Grant-driven data deposit
Grants are key to the research lifecycle. At the University of Western Sydney work has already been done on integrating data management into the research lifecycle, starting with applications for internal grants. We know that changing the research culture will take some time, but eventually thinking about eResearch requirements, not just data management but computing and collaboration needs will become normal for all researchers, just as ethics forms are for many now.
We present two scenarios here, one when a grant starts, and the researcher is prompted to finish and deposit a data management plan, and another when the grant finishes and there is a check to make sure the data management plan has been followed. In between, of course there might be other research-lifecycle-events that trigger data deposits.

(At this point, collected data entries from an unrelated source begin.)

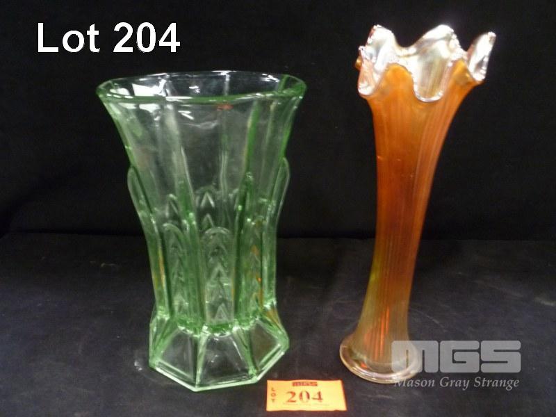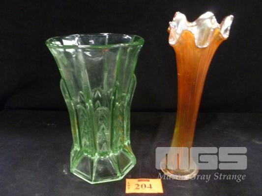 URANIUM GLASS VASE & MARIGOLD CARNIVAL GLASS VASE
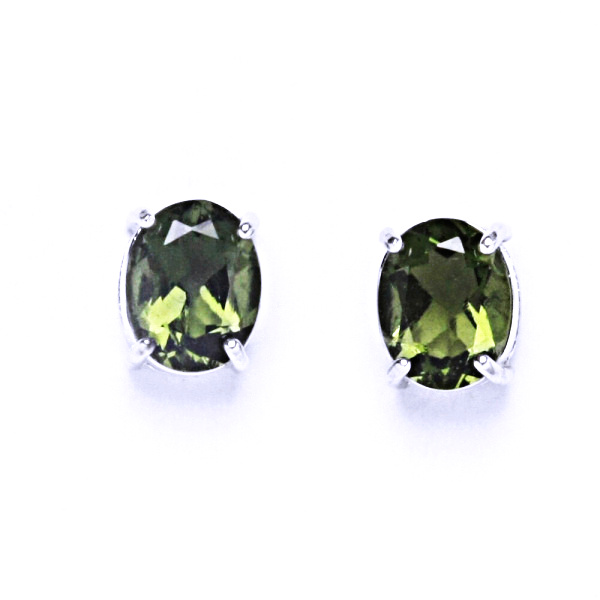 Naušnice z broušeného oválného vltavínu vsazeného do stříbra. Naušnice jsou jednoduché, ničím nezdobené. Jednoduchost podtrhuje krásu vltavínu.
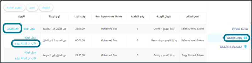 - • سيتم إضافة إجراء جديد يُسمى "غائب عن الرحلة لهذا اليوم".
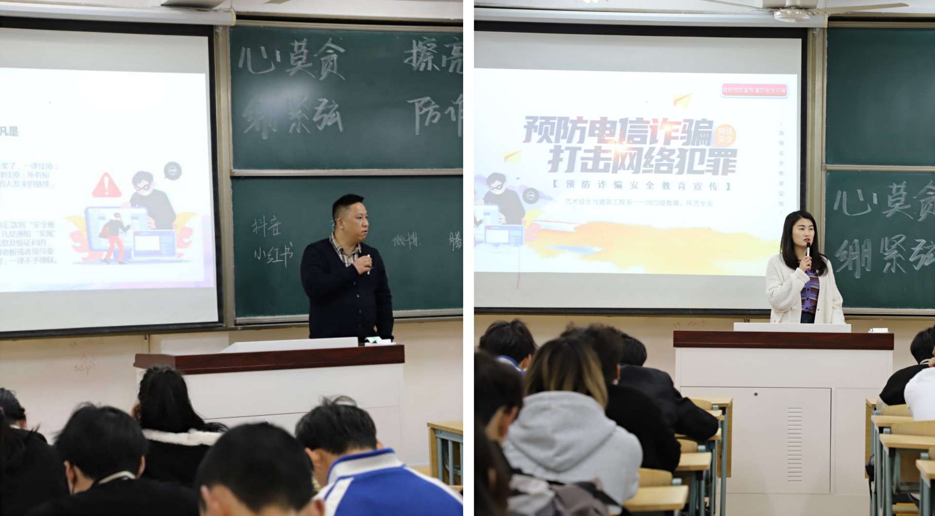 为进一步提升探花porn 学生防范电信诈骗违法犯罪意识,有效遏制电信诈骗高发事态,切实保障广大学生群体的财产安全,加强学生管理,尤其在校园贷、网络、饮酒方面进行引导。环艺、数媒专业22级学生3月6日下午14点30分在9308教室,召开了关于防电信诈骗的主题班会。辅导员廖晶晶、系副主任陈宏波参会,特别邀请了保卫处副处长丁胜做主要宣讲。
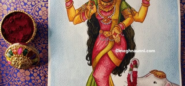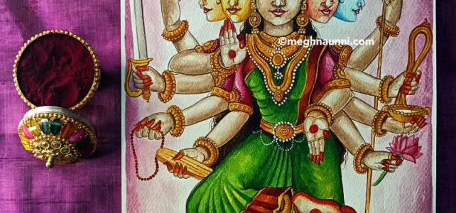 ✨BALA KAMAKSHI✨ A visualisation of the Bala swaroopam of Kamakshi Devi at Kanchipuram 🙏🏻 Done on A3 sized watercolour sheet using Acrylic paint♥️
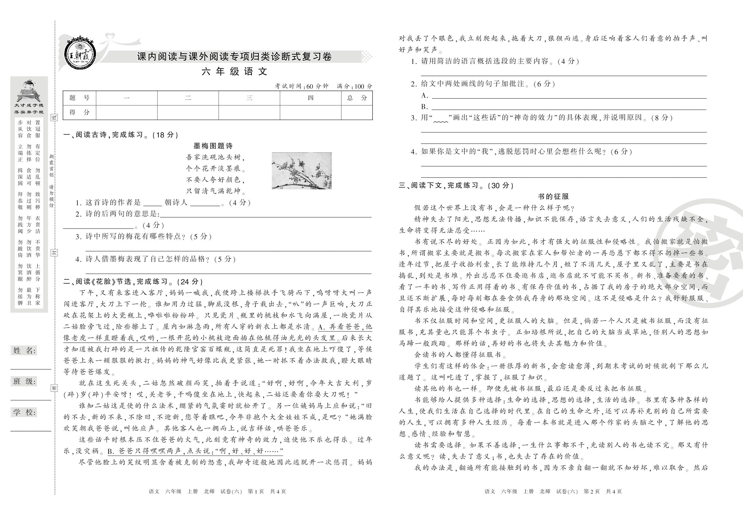 王朝霞期末专项卷六年级上册语文(北师版)【6】

Reporting-driven data deposit
In Australia one of the key drivers, and a driver with a very heavy right foot, is the government. All universities have to report on publications via HERDC and research excellence via ERA, this means that there are processes in place for reporting that form a large part of the research lifecycle. This is another place to tie-in data management processes for data that is of strategic significance. The next diagram shows a couple of scenarios that could be driven by the reporting cycle, either a significant publication, where it is important to make sure that data is kept for reproducibility and reuse, or when reporting on research of global significance, where advertising data might lead to more such research.
Talk back
We recognise that there’s room for improvement in each of the scenarios above, and not just because we’ve kept the sequences high level and skipped over some intricacies. It is hoped that this will drive some discussion and exploration of options. Perhaps your university is also implementing similar processes and technologies, please feel free to use us as a sounding board. If there is sufficient interest in any of the scenarios above, we’re happy to organise a forum for discussion.
Copyright Peter Sefton and Toby O’Hara 2012. Licensed under Creative Commons Attribution-Share Alike 2.5 Australia. <http://creativecommons.org/licenses/by-sa/2.5/au/>
Pingback: ACU Research Net » Blog Archive » Potential Research Data Repository data-management use-cases
I love your diagrams! They explain an often complex process quite clearly. Very good stuff to mull over.